February 5, 2005: Tim is at the hospital this weekend during the day with Theresa, so I can attend
to my other "job" (taking care of Nathaniel). He reports that the doctors' rounds were pretty benign and quick.
They lowered her vent settings a little more, and if all goes well, will "test" her to see how she does on JUST pressure support
on Monday. Her feeding amount was also increased, and she has done well so far, but since most CDH babies get GERD (gastric
esophogeal reflux disease), we can probably expect her to start throwing up as the feeding amount increases more. The
severity of the GERD will determine the best course of treatment (from just eating small frequent meals and not laying down
soon afterwards to medication to surgery). So far, we don't have to worry about it, and hopefully won't have to at all.
Since her morphine was lowered yesterday, she has tolerated it pretty well, except for a small episode this morning,
where she grew very agitated (a sign of pain) and they had to give her a dose of adivan (sp?) to calm her down. Nothing
major, and she hasn't done this for a few days or nights now, so I think she is doing well considering how much morphine she
used to be on compared to what she is getting now.

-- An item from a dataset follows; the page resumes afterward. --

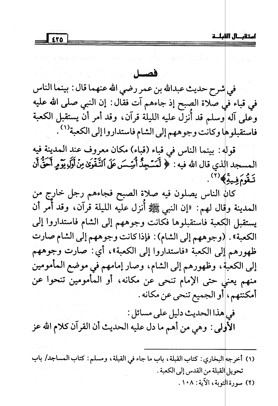 في شرح حديث عبد الله بن عمر رضى الله عنه قال: بينما الناس في قباء في صلاة الصبح إذ الصبح إذ جاءهم آت فقال: إن النبي صلى الله عليه وعلى آله وسلم قد أنزل عليه الليلة قرآن، وقد أمر أن يستقبل الكعبة فاستقبلوها وكانت وجوههم إلى الشام فاستداروا إلى الكعبة (¬1) .

February 6, 2005: Tim reports that Theresa did suffer from 2 episodes of reflux (around 5 cc each
time) so they decided to give her the feedings via a pump over an hour instead of all at once (she is getting 26 cc each feeding,
which is about a third of a "normal" feeding for a baby her age).
They did her pressure support trial for 2 hours today (instead of waiting until Monday), and she did well except for
the last 10 minutes or so where she struggled a bit (her sats went down and her nostrils flared which can be a sign of
respiratory distress), so they are going to repeat the trial in the morning at 2 hours, instead of moving it up to 4 hours.

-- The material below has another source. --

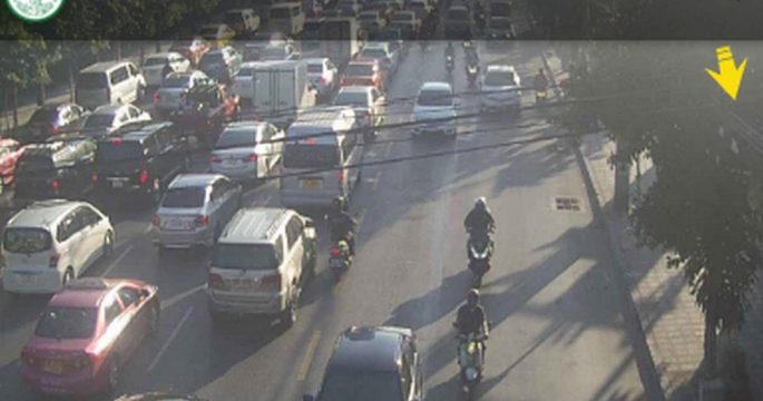 จราจรเช้าวันพฤหัสบดี ถนนดินแดง จากแยกใต้ด่วนดินแดง เข้าถนนราชวิถี – อนุสาวรีย์ชัยฯ รถมาก

Tim held her today (the first time!) and towards the end of the evening, she opened her eyes for him and he got to make
her smile and interact with her, so that was something he really enjoyed.
February 7, 2005: I came in early this morning, and she was already a few minutes into her pressure
support trial (another 2 hour one). She did great, and kept her sats high without struggling at all, so they will probably
do the 4 hours trial sometime tomorrow. If she does well, they will continue to increase the time on just pressure until
she either shows that she is ready to breathe on her own, or plateaus at which point they will have to try again.

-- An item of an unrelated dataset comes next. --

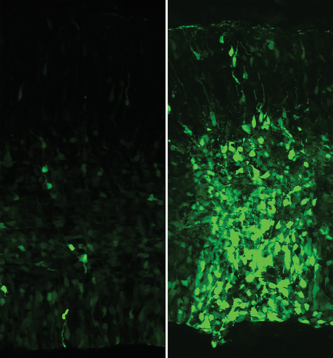 Peer-Reviewed PublicationIMAGE: THE FLUORESCENT GLOW OF MOUSE BRAIN CELLS ON THE RIGHT INDICATES THE EFFECTIVENESS OF A HUMAN-DERIVED GENE ENHANCER, HAQER0059, VERSUS A 6 MILLION YEAR OLD VERSION OF THE ENHANCER AT LEFT, WHICH CANNOT ACTIVATE GENES IN THE SAME WAY BECAUSE IT IS ABOUT 40 BASE PAIRS DIFFERENT FROM THE HUMAN VERSION. view more

They also cut her morphine dosage in half, and will continue to wean her about every 3 days if she continues to tolerate
it well.
Due to her GERD yesterday, they are going to wait on increasing her feeding amount. She also had reflux again today
(about 5 cc), but handled it well and didn't asperate (inhale it). Her nurse increased the angle of her bed to around
45 degrees to help keep the milk down.
Her former attending physician, Dr. Adcock (who stood in for her godparents at her baptism) stopped by to check on her
(because she wanted to, not out of necessity) and also brought her a purple cross with a lamb on it. She said she picked
it up at a bookstore this weekend for her. I am very touched that she thought of her and did this, it means a lot
that she didn't just see Theresa as a patient for the month of January, and continues to follow her care.